Self-employed farmers are allowed a FFCRA tax credit if they were out of commission in 2021 due to COVID. But certain rules apply.
The Family First Coronavirus Response Act (FFCRA) was passed in early 2020 right before the CARES Act. FFCRA requires most employers to provide paid sick leave for employees that are affected by COVID-19. We have posted on this before.
However, another feature of the Bill allows self-employed individuals to also receive a credit if they are directly affected by COVID-19. In order to receive the credit, you must show that you really are not able to do work due to COVID.
For example, if you are diagnosed with COVID and must self-quarantine, but are able to work in the shop or do work in the house, then you will not qualify for the credit.

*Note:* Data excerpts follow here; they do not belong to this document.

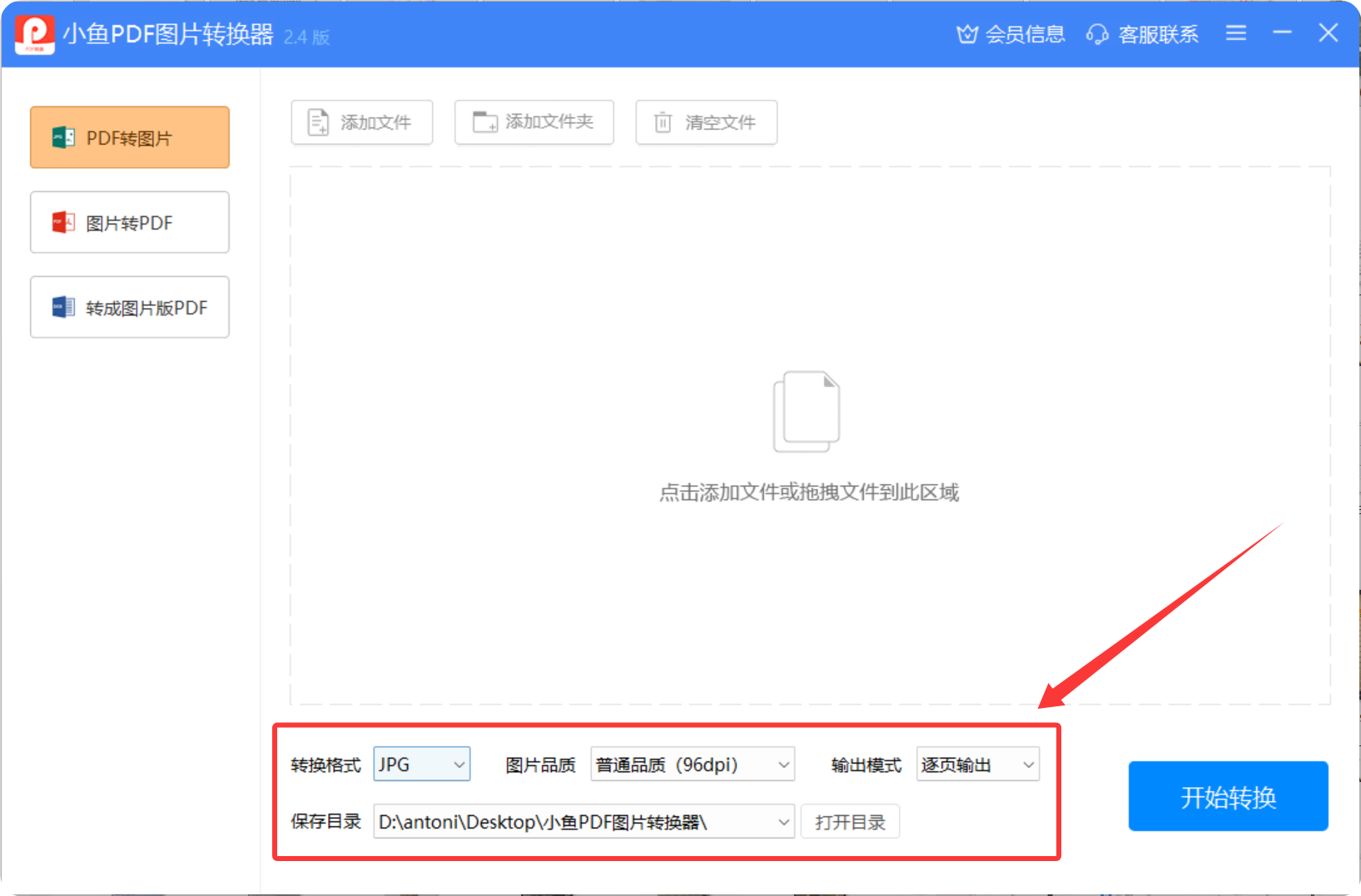 根据需要设置转换格式、图片质量、输出模式等参数。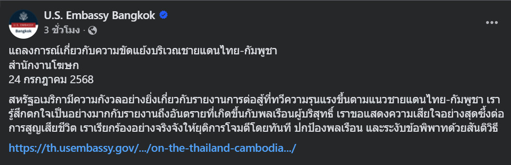 วันนี้ (25 ก.ค.68) สถานเอกอัครราชทูสหรัฐอเมริกาประจำประเทศไทย ออกแถลงการณ์เกี่ยวกับความขัดแย้งบริเวณชายแดนไทย-กัมพูชา ระบุว่า สหรัฐอเมริกามีความกังวลอย่างยิ่งเกี่ยวกับรายงานการต่อสู้ที่ทวีความรุนแรงขึ้นตามแนวชายแดนไทย-กัมพูชา เรารู้สึกตกใจเป็นอย่างมากกับรายงานถึงอันตรายที่เกิดขึ้นกับพลเรือนผู้บริสุทธิ์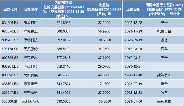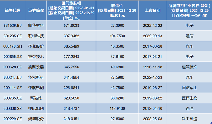 高新发展(000628)、华密新材(836247)、中航电测(300114)、新诺威(300765)、中际旭创(300308)和鸿博股份(002229)全年涨幅均超过300%,分列第五至十名。

The maximum sick-leave credit is $511 per day for up to 10 days (a maximum $5,110 credit). The credit is calculated by taking your self-employment earnings and dividing by 260. Here is an example:
Jim reports total SE earnings from farming in 2021 of $165,000 which is an average of $635 per day. He was out of commission for only 6 days, therefore, his FFCRA credit is $3,066. If he had been out of commission for at least 10 days, then the maximum credit of $5,110 would be allowed.
You will report this credit on your Form 1040.
This credit only applies for the period January 1, 2021 to September 30, 2021.